Here's what I've found so far. If you see more, add 'em below. If I feel frisky, I'll add them to this list.

Dan Augustine's Halloween Hits ... Happy 15th Anniversary, Dan. Great mix this year.
Spock's Record Round-up ... He's got an 80's mix and a rare vegetable-based (or is it a fruit?) soundtrack. Stay tuned for more.
Professor D ... now with more movie clips. 
SAP ... Always quality mixes. Always. I see he picked a little something from my all-time favorite seasonal album at the end there.
Reverend Frost ... more quality stuff. Soundcloud, so not downloadable, but you'll get over it.

Still nothing from Monster Mashups, but expecting something soon.
Keep your eyes peeled for stuff from Scary Sounds. 
Halloween Booootie mixtapes are pretty dang creative. Nothing new this year yet.

Here's my annual plug for my Uncle Ozma's Weirdsville radio station. I've been listening to it every October for years. Like, 13 or 14 years.

Of course, most of you kids are just listening to playlists on Spotify and nobody wants to download anything anymore.
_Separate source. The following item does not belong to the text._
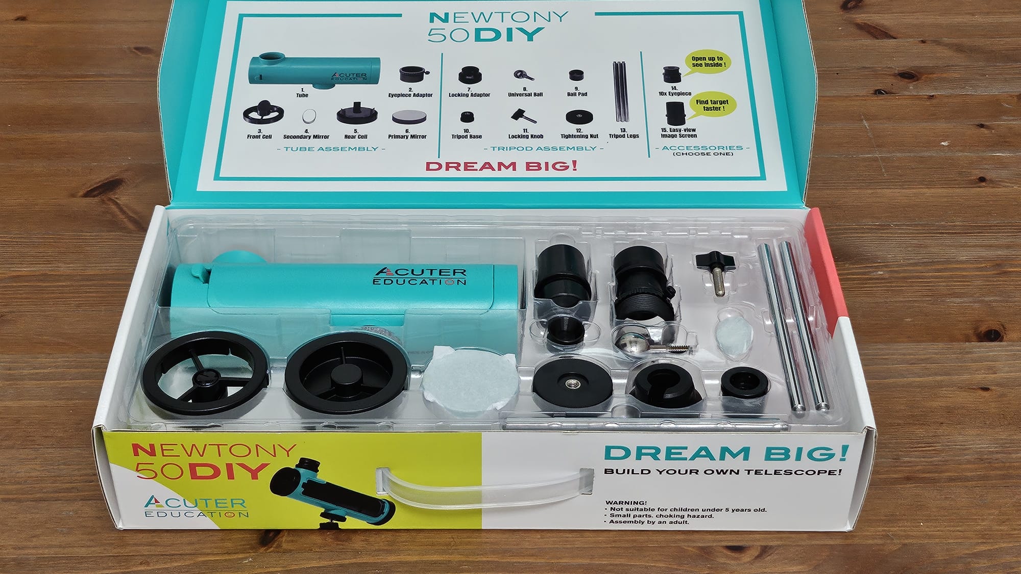 Dieses kleine Newton-Teleskop mit 50 mm Durchmesser ermöglicht die einfache Beobachtung der hellsten Objekte am Himmel. Die abnehmbare Seite ermöglicht uns einen Einblick in das Innere des Teleskops zu werfen und so das Funktionsprinzip von Newtons Spiegelteleskopen studieren können.

Get off my lawn!


----------



## chachabella (Jul 3, 2013)

I always download!! I am a music hoarder!


----------



## thegreg (Oct 9, 2011)

Hey, shameless plug. My old band has an awesome Halloween song:
https://youtu.be/ESfUHuXhSt0


----------



## Dinosaur1972 (Mar 28, 2007)

Awright, Rest in Pieces came out with another mix.

And so did Aquarium Drunkard.


----------



## kmeyer1313 (Jan 25, 2012)

Found one! 

https://bojospookymixtapes.bandcamp.com/

If I find any more in my travels, I'll throw them up on this thread....


----------



## Dinosaur1972 (Mar 28, 2007)

NIce find, kmeyer! He's got several fun mixes in there. Lots of stuff I've never heard of. Never thought I'd hear "Lovely Head" by Goldfrapp or "Stranger Eyes" by the Cars on a Halloween mix, but OK, it kinda works!


----------